Make sure that you have Apptainer installed. Additional details and installation instructions can be found here: <https://apptainer.org/docs/user/main/quick_start.html>

The Evaluator container in this example will require 3 arguments in this order: HOST, PORT, OUTPUT_DIR.

To create a sample Evaluator using the scripts and data we provide for this example follow the instructions below:

### 1. Download the `test_evaluator_container` folder and explore the scripts to familiarize yourself

`evaluator_RestAPI.py`

- Loads and validates input data using `load_and_validate_data()`.
- Sends data to a predictor via HTTP and handles various response formats.
- Gracefully handles HTTP errors and malformed predictor responses.
- Saves raw predictions to a JSON file.
- Computes metrics only if the Predictor returns a successful response (HTTP 200).

`config.py`

- Sets the evaluator name and input file for predictions.  
- Defines output filename.
- Automatically sets data directory based on container or local execution.  
- Constructs full path to input file (`EVALUATOR_INPUT_PATH`).  
- Configures API communication:  
  - Request format, response format, Maximum retries/interval
- Prints input file path for validation.

`evaluator_content_handler.py`

- Sends HTTP requests with automatic retries on network failures.  
- Negotiates request and response formats with the Predictor (JSON/MsgPack).  
- Posts data to `<predictor_url>/predict` and returns the response.  
- Deserializes responses safely; raises errors if decoding fails.  
- Warns if actual response format differs from negotiated format.

`data_loader.py`

- Loads and validates evaluator input files (`.json`, `.msgpack`, `.mpk`).  
- Detects and reports duplicate keys (`DuplicateKeysError`).  
- Supports JSON string or file parsing with duplicate key checks.  
- Raises errors for missing files, invalid formats, or malformed data.  
- Returns validated data as a dictionary for downstream processing.

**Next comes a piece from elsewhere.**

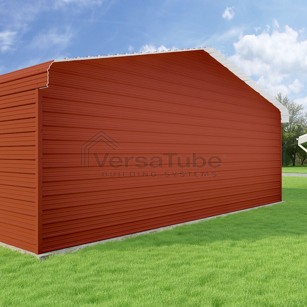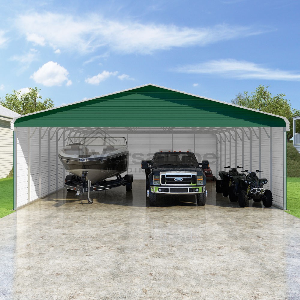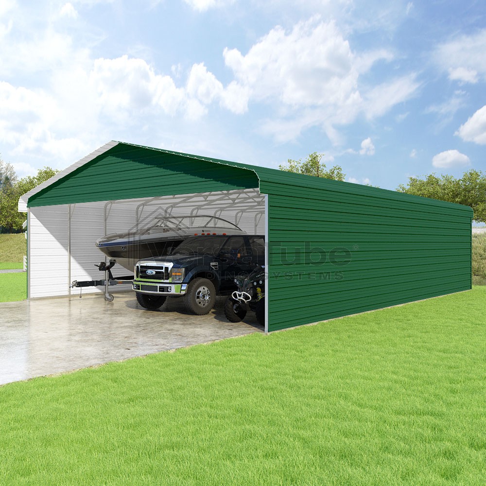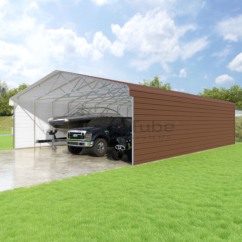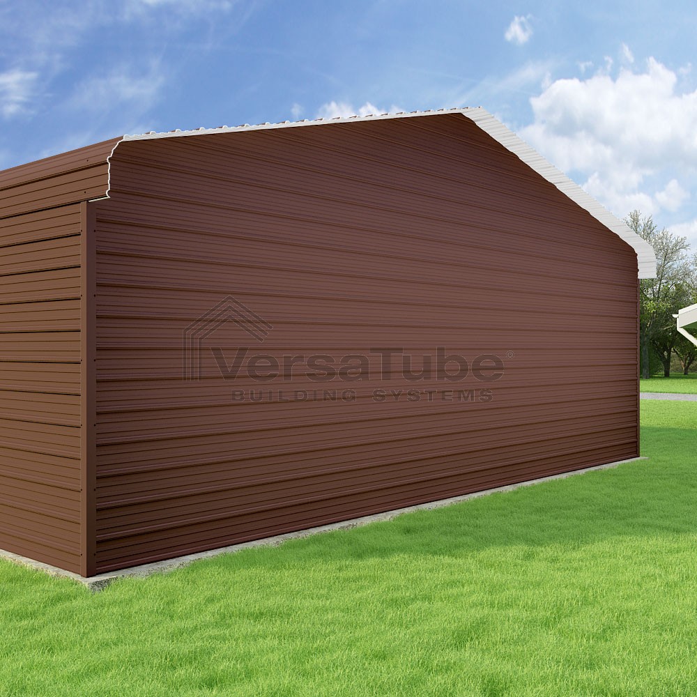 Classic Series DIY carport kit features horizontal application of sheet metal panels with the extra protection of rounded eaves.

`evaluator_metrics_calculator.py`

- Calculates and saves fake correlation and cell-type specificity metrics.  
- Validates prediction tasks and handles missing/invalid data.  
- Saves results as CSV files with timestamps and metadata.  
- Main function: `calculate_and_save_metrics(predictions_data, output_dir)`.  
- Helper functions: `_calculate_fake_correlations` and `_calculate_fake_specificity`.

All of these scripts will be copied into the container in the `%files` section of the .def file.

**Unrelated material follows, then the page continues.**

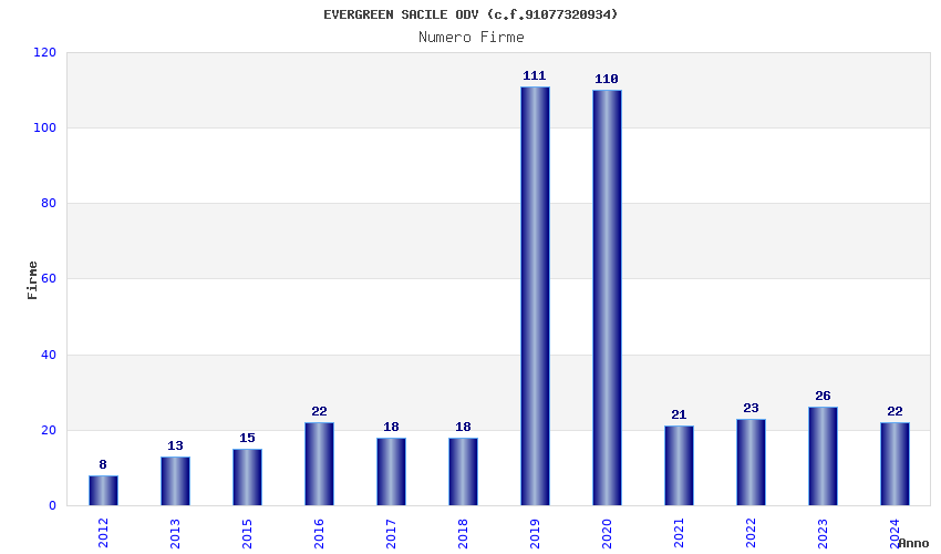 | Anno | Firme | Importi | Media | Naz. | Reg. | Prov. | Comu. |

### 2. Change paths in the `evaluator.def` to local corresponding paths

The `evaluator.def` is a definition file and will be used to create the Apptainer container. In this example we are only building a container with Python 3.9-slim and no other dependencies for simplicity. The `/predictions` folder is our `OUTPUT_DIR` where the returning predictions for this pseudo example will be stored. `evaluator_data` contains 2 sample JSON files, one is a very simple request and the other is more complicated. `evaluator_data` is mounted at run time to increase flexibility.

Change the `path_to/`  in the .def file to the local file path for the `evaluator_RestAPI.py` script to copy it into the container from a local directory.  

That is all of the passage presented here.